Poe is old for field command — just two years younger than Robert E. Lee, to the day — but he manages to advance in spite of his prickly relations with his fellow officers. Poe is personally brave enough, but hardly an heroic figure. As depicted by Williams, Poe is vain, dismissive of the skills of other officers, considering them to be his social and intellectual inferiors. They are, he believes, mere vulgar prose in contrast to his elevated poetry. Poe is utterly paranoid about their plots against him. Every burble of disorganization or mislaid communication in the field — things that a later generation would refer to with the acronym SNAFU –Poe views as part of a larger plot to make him look like an incompetent. Poe has little regard for the common Confederate soldier and, one imagines, the feeling is mutual. Poe imagines the entire Federal army facing him across the lines. Williams also gives the reader a glimpse of Poe’s obsession with romantic death, and his inability to move past the loss of his first wife, Virginia Clemm (1822-47), even though he assures himself he’s moved on. Unlike the Confederate officers of another recent bit of Civil War fiction, here Poe carries all the prejudices and attitudes of his day and place.
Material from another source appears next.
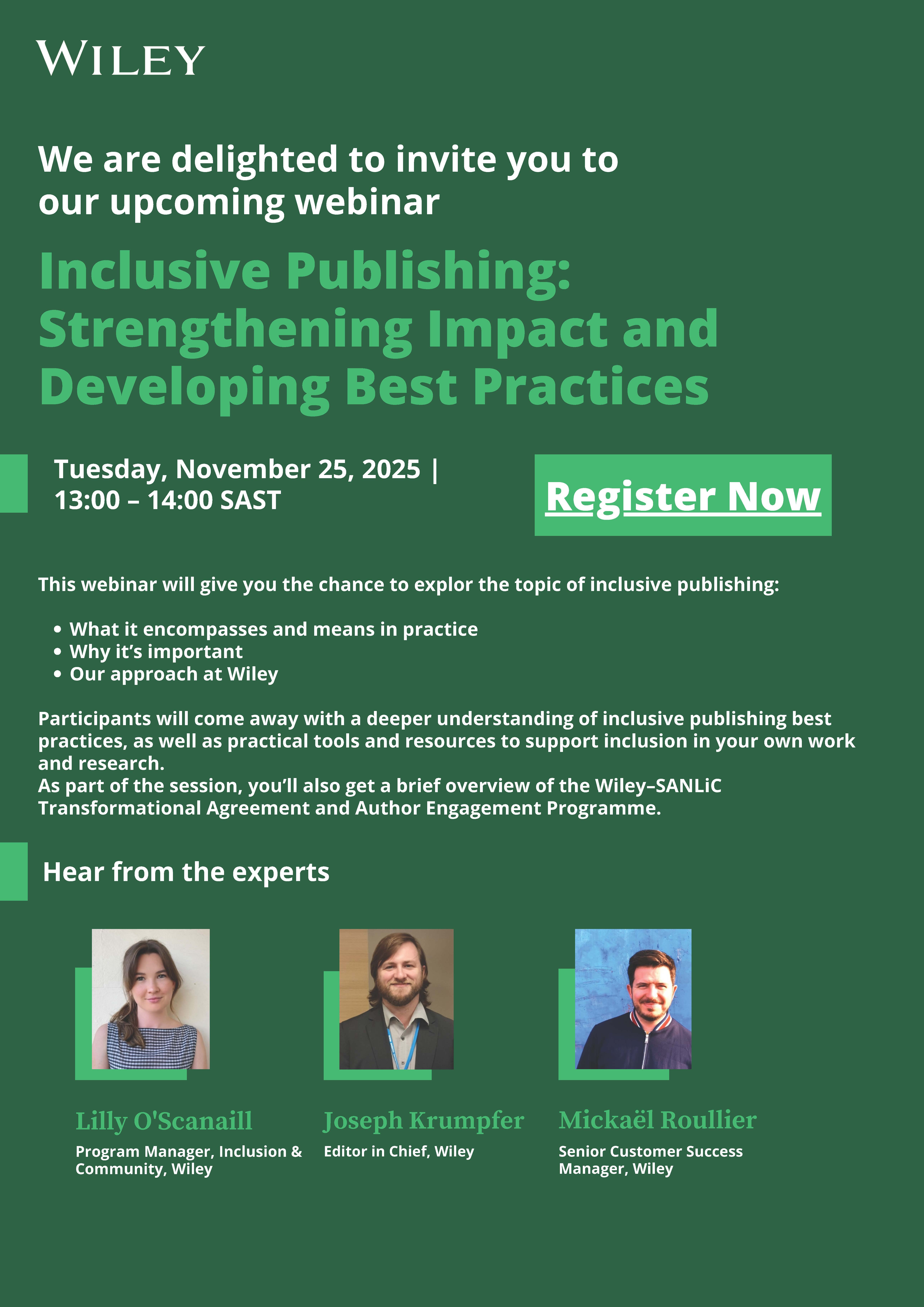 Wits Libraries would like to invite you to the Wiley Webinar. Inclusive Publishing: Strengthening impact and developing best practices.
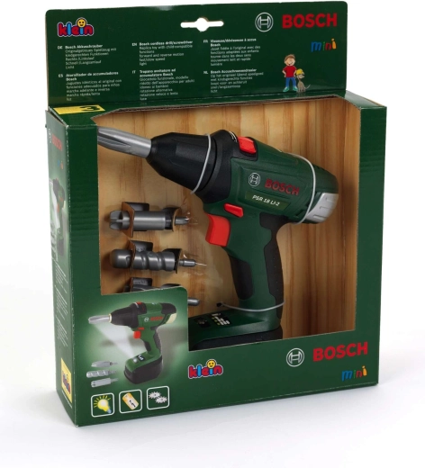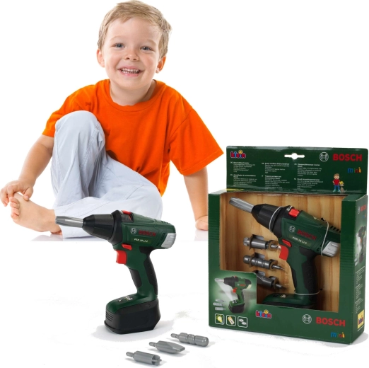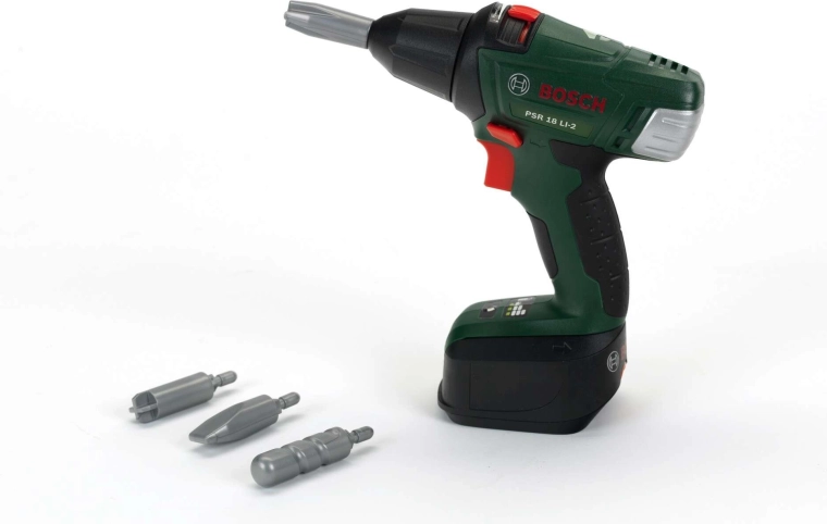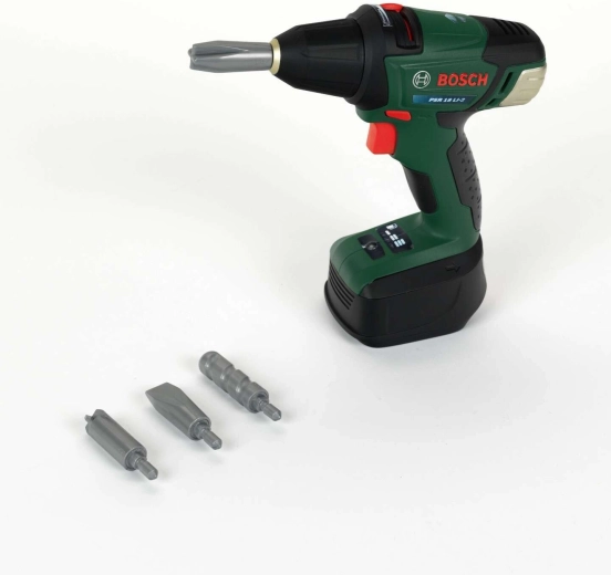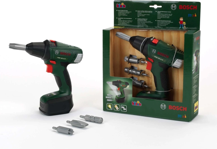 A Klein márkájú, élethű Bosch II gyerek akkumulátoros fúró biztonságos és szórakoztató módon segít utánozni a felnőttek munkáját. Cserélhető bitekkel, két sebességgel, jobb/bal forgásirány funkcióval és a hegyén LED fénnyel rendelkezik. Az ergonomikus fogantyú puha markolattal tökéletesen illik a gyerekek kezébe.

The main action of Williams’ tale takes place in late May 1864, when Poe unexpectedly takes command of George Pickett’s division at Petersburg, and moves with them into the line north of Richmond near Hanover Junction, just after the Battle of North Anna during the Overland Campaign. But much of the story is told in flashback, including a segment where Poe commands one of Pickett’s brigades in the famous assault on the third day at Gettysburg:
The sound was staggering, the banging and the clanging of the guns, guns, guns, but fortunately Poe had nothing to do but keep his feet moving forward, one after another. The officers had been ordered to stay dismounted, and all had obeyed but one: Dick Garnett, commanding the brigade on Poe’s left, was too ill to walk all that way, and had received special permission to ride.
Garnett, Poe knew, would die. The only mounted man in a group of twelve thousand, he was doomed and knew it.
Somehow there was an air of beauty about Garnett’s sacrifice, something fragile and lovely. Like something in a poem. The cemetery, their target, was way off on the division’s left, and Pickett ordered a left oblique, the entire line of five thousand swinging like a gate toward the target. As the Ravens performed operation, Poe felt a slowly mounting horror. To his amazement he saw that his brigade was on the absolute right of the army, nothing beyond him, and he realized that the oblique exposed his flank entirely to the Union batteries planted on a little rocky hill on the Yankee left.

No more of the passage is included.